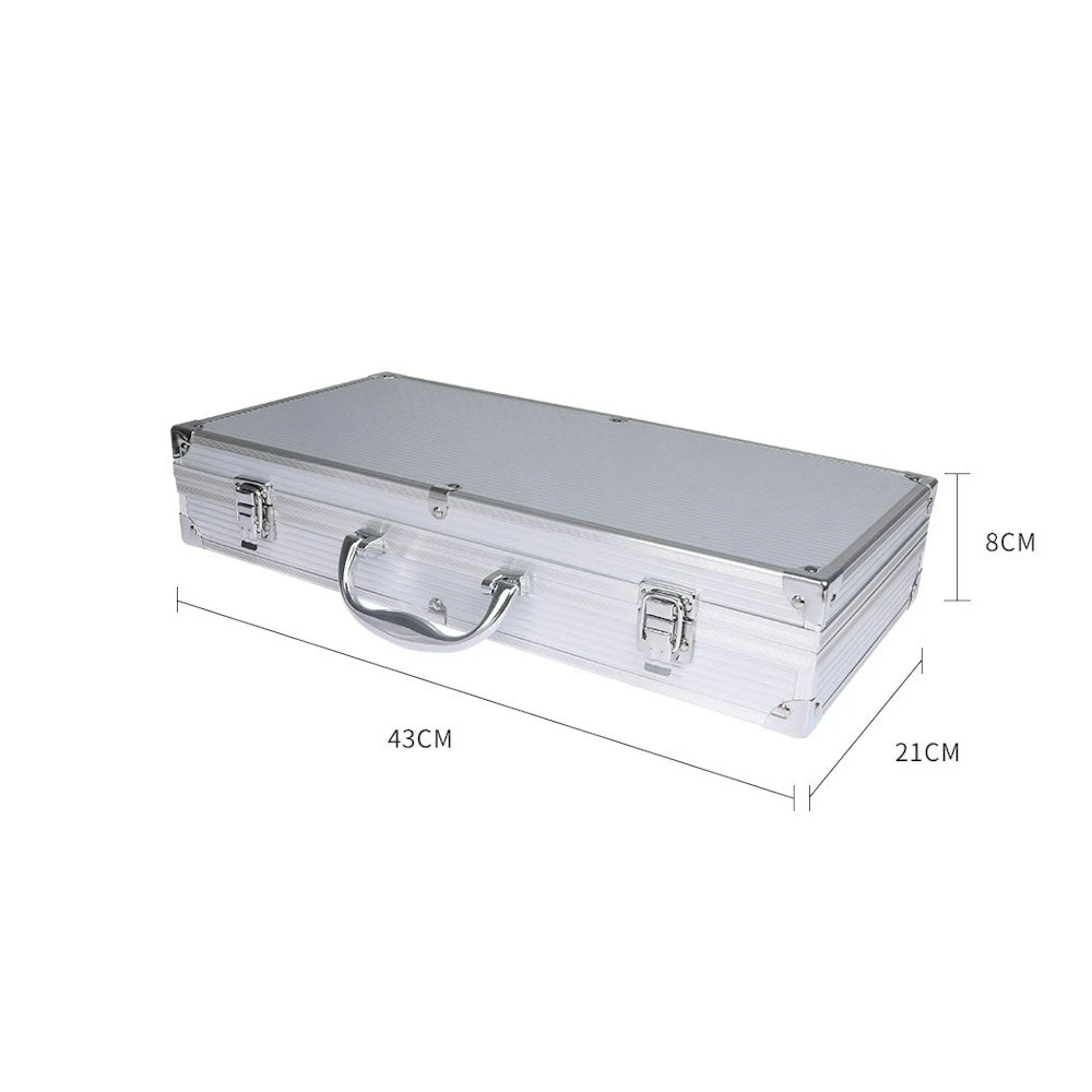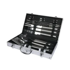 A perfect BBQ needs the perfects tools and you can’t go past these BBQ accessories. Put a few T-bone steaks some onions a few portobello mushrooms and you have a fine meal to impress the harshest critics. Nobody wants to be cooking in a park with friends and they are missing an implement. Your new camping utensils have you covered. Tongs knife spatula skewer. You will be organised for cooking anything. Carry your grilling accessories wherever you need in your aluminium carry case. Take them out to your backyard or on a long road trip. Set up the perfect coal barbeque and cook away. Clean them after each use and they will treat you well. Our stainless-steel tools are known for their durability. The long handles are perfect for keeping you safe when cooking. Keep everything organised and neat. The quick lock button keeps everything nice and protected when you are carrying your grill set. Enjoy the easy to clean grid texture interior for years to come. Key Features 18 piece stainless steel tools Aluminium case Quick lock button Interior grid texture Portable handle Easy to clean Wide application SPECIFICATION: Brand: Moyasu Material: Stainless steel Case: Aluminium Dimensions (case): 43cm x 21cm x 8cm (W x D x H) Colour: Silver PACKAGE CONTENT: 1 x Moyasu Aluminium Case 2 x Moyasu Spice Shaker 1 x Moyasu Spatula 1 x Moyasu Basting Brush 1 x Moyasu Cleaning Brush 1 x Moyasu Tongs 1 x Moyasu Knife 1 x Moyasu Fork 4 x Moyasu Kebab Skewer 6 x Moyasu Corn Cob Holder
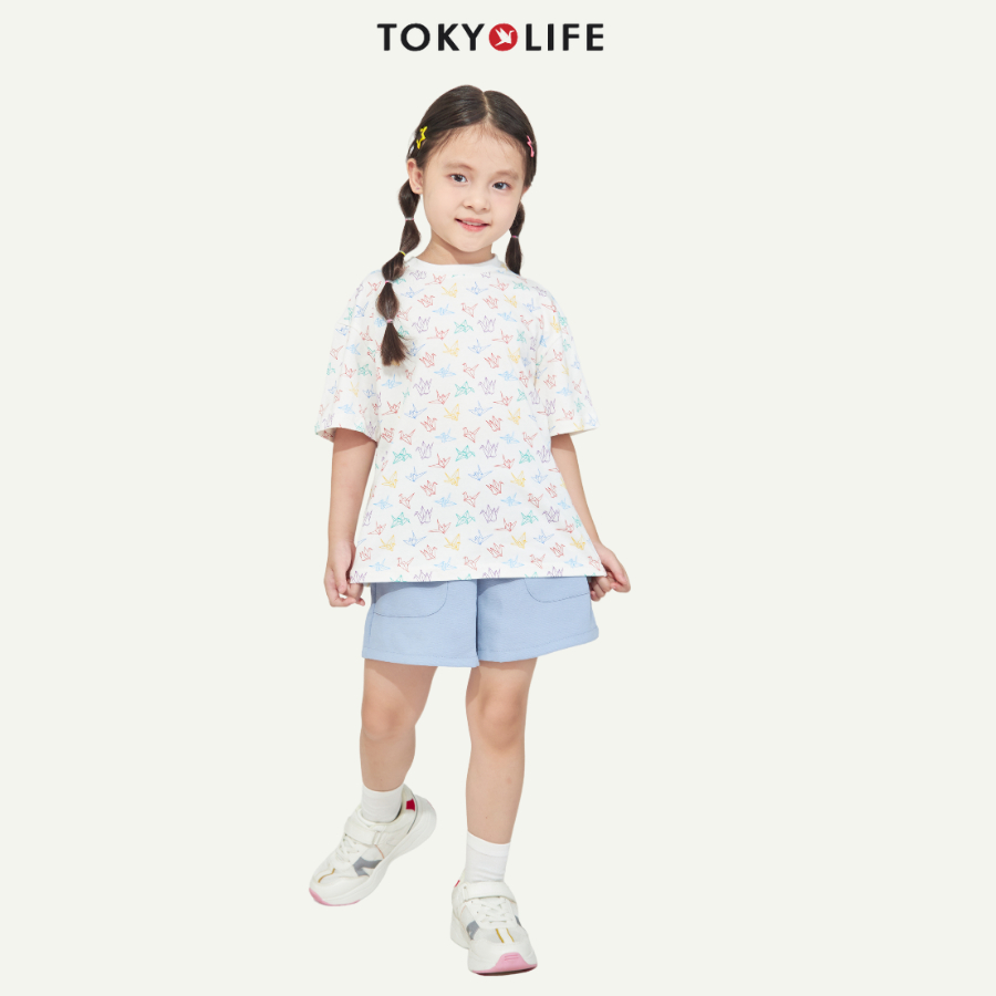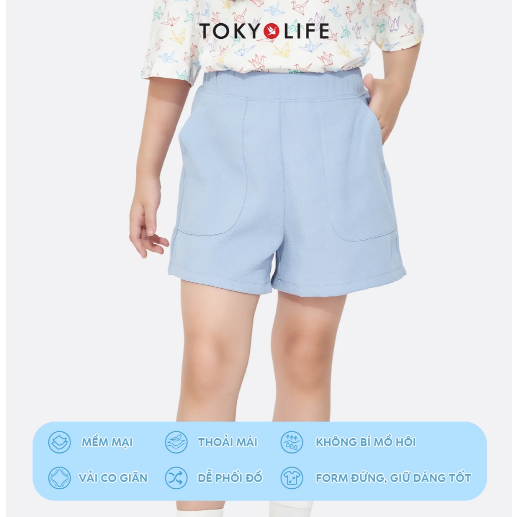 Quần short bé gái TOKYOLIFE quần đùi trơn basic cạp chun sau túi chéo 40003533
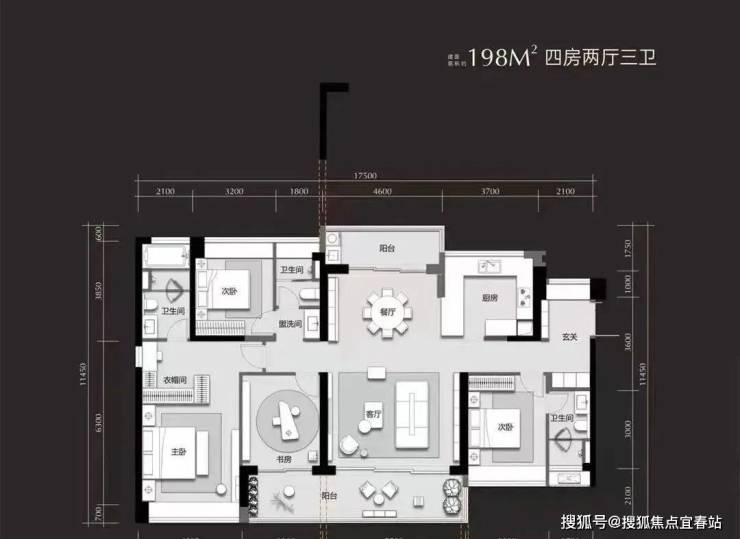 建面约198㎡奢宽四房:

> **What to work on**
Every line of the data is to be transcribed exactly, and no picture is to be included.

> **Task result**
 A perfect BBQ needs the perfects tools and you can’t go past these BBQ accessories. Put a few T-bone steaks some onions a few portobello mushrooms and you have a fine meal to impress the harshest critics. Nobody wants to be cooking in a park with friends and they are missing an implement. Your new camping utensils have you covered. Tongs knife spatula skewer. You will be organised for cooking anything. Carry your grilling accessories wherever you need in your aluminium carry case. Take them out to your backyard or on a long road trip. Set up the perfect coal barbeque and cook away. Clean them after each use and they will treat you well. Our stainless-steel tools are known for their durability. The long handles are perfect for keeping you safe when cooking. Keep everything organised and neat. The quick lock button keeps everything nice and protected when you are carrying your grill set. Enjoy the easy to clean grid texture interior for years to come. Key Features 18 piece stainless steel tools Aluminium case Quick lock button Interior grid texture Portable handle Easy to clean Wide application SPECIFICATION: Brand: Moyasu Material: Stainless steel Case: Aluminium Dimensions (case): 43cm x 21cm x 8cm (W x D x H) Colour: Silver PACKAGE CONTENT: 1 x Moyasu Aluminium Case 2 x Moyasu Spice Shaker 1 x Moyasu Spatula 1 x Moyasu Basting Brush 1 x Moyasu Cleaning Brush 1 x Moyasu Tongs 1 x Moyasu Knife 1 x Moyasu Fork 4 x Moyasu Kebab Skewer 6 x Moyasu Corn Cob Holder
 Quần short bé gái TOKYOLIFE quần đùi trơn basic cạp chun sau túi chéo 40003533
 建面约198㎡奢宽四房:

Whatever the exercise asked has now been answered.